Will it break a record? Probably. But is it good? That’s the big question of the day, as “Harry Potter” author J.K. Rowling’s first adult novel, “The Casual Vacancy,” hit shelves this morning. It was protected by a number of security procedures, including a stringent non-disclosure agreement, so only a few reviews leaked out before the 1 a.m. EST embargo time. So far, critics have been lukewarm on the author’s departure from the magical land of Hogwarts. Here’s what they have to say, starting with our own review, by Monica Hesse:


The Washington Post:

“In this one 500-page book, Rowling re-traverses the Potter series’ entire tonal journey: a gradual darkening in which snide comments on small stakes give way to sharp commentary on big ones. The election unearths tensions. The tensions ruin lives. No amount of Reparo spells can undo the things that are done; we’re not in Hogwarts anymore.”

The Guardian:

“Generally, though, ‘The Casual Vacanc’y is a solid, traditional and determinedly unadventurous English novel... No one, I suspect, reads Rowling for the beauty of her sentences but there is often a sense here that the language is not quite doing what she wants it to do.
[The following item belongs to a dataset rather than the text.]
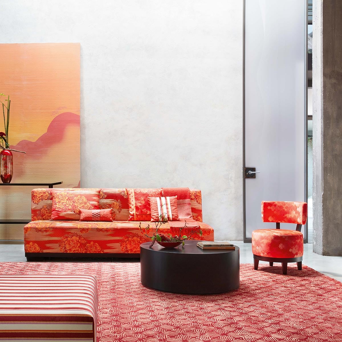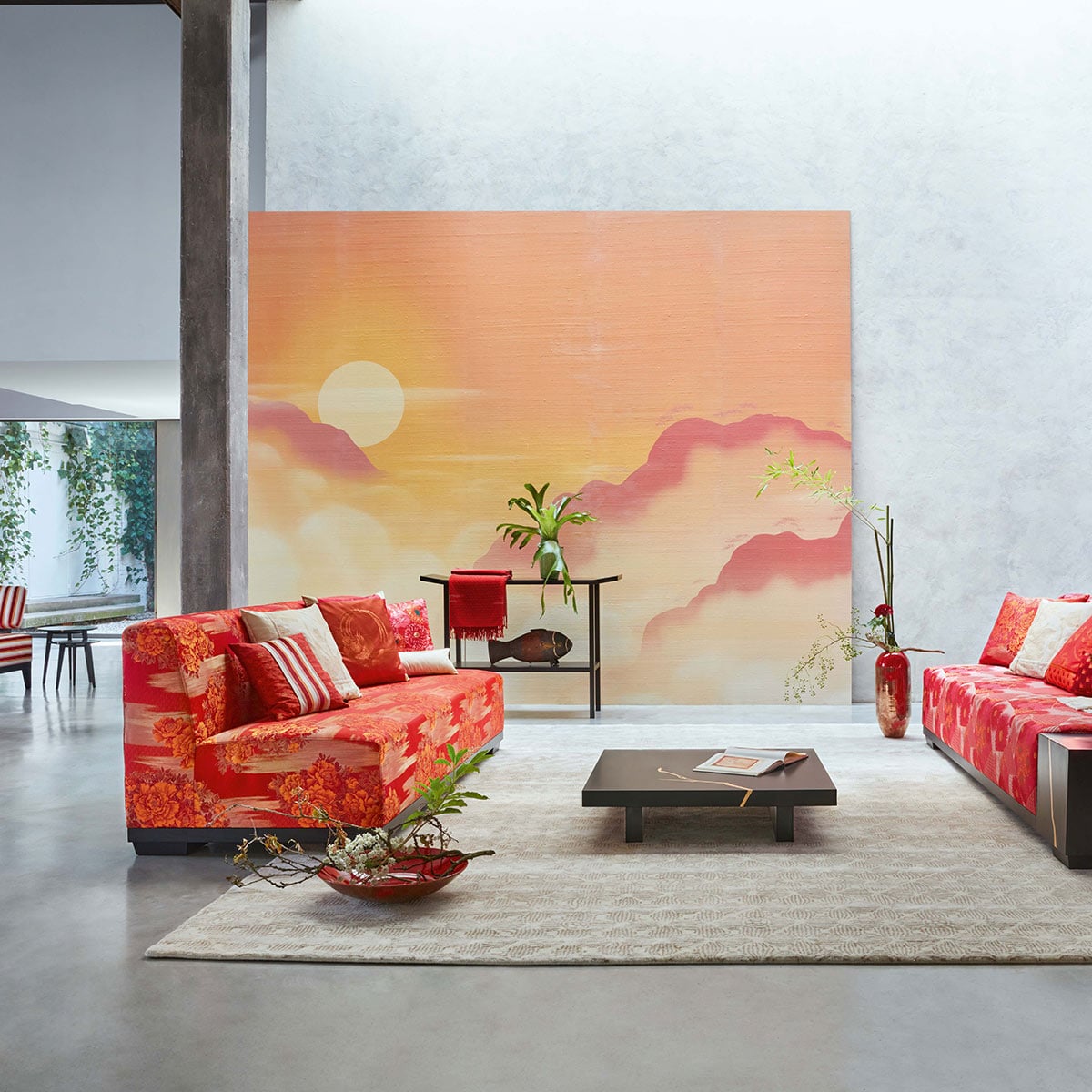 Kenzo propose un motif à la fois élégant et romantique à travers le tissu Butterfly. Ce dernier met en avant des rosiers de grande taille qui sont ornés d'un feuillage luxuriant. Ces fleurs présentées dans une palette bicolore adoptent des nuances douces et vives. Ces choix de teintes mettent l'accent sur le tissage de ce jacquard.

One character, we are told, “hated sudden death”. Who doesn’t?”

The New York Times:

“Unfortunately, the real-life world she has limned in these pages is so willfully banal, so depressingly clichéd that ‘The Casual Vacancy’ is not only disappointing — it’s dull.”

The Associated Press:

“This isn’t a book that’s easy to fall in love with, the way Harry Potter was with its charming, winning hero and his plucky friends, saving the world from evil with the help of a powerful spell or two. Even with its moments of humor, it’s a hard story where some people just don’t get saved, because really, they never had a chance.”

The LA Times:

“Rowling clearly knows how to create a universe that’s compelling, consuming even, but Pagford is no such place. Rather, it is little more than a backdrop, a stage set, its lack of depth an emblem of Rowling’s inability to engage us, to invest us sufficiently in her characters, young or otherwise, to reckon with the contrivances of her fictional world.”

New York Daily News:

“Rowling’s strength was never her prose. It was her ability to create unforgettable characters and weave stories that held us captive. The magic simply isn’t there in ‘The Casual Vacancy.’ Indeed, the spell has been broken.”

The New Yorker:

“A powerful and protected writer risks getting things wrong... Some sentences cause you to picture a Little, Brown editor starting to dial Rowling’s number, then slowly putting down the handset: ‘There, in his poky office, Simon Price gazed covetously on a vacancy among the ranks of insiders to a place where cash was now trickling down onto an empty chair with no lap waiting to catch it.’“

Entertainment Weekly:

“Rowling does a nice job laying out her 20-plus characters’ endless pretensions and weaknesses, which she punctures with gleeful flicks of a surprisingly sharp comic blade.”

People Magazine:

“Rowling captures the humanity in everyone, even if that humanity is not always a pretty sight. And – though creating Harry Potter was more than enough – if Rowling wants to convince the world that she can cast other spells, she has succeeded.”

Publisher’s Weekly:

“As in the Harry Potter books, children make mistakes and join together with a common cause, accompanied here by adults, some malicious, some trying yet failing. Minus the magic, though, good and evil are depressingly human, and while the characters are all well drawn and believable, they aren’t much fun.”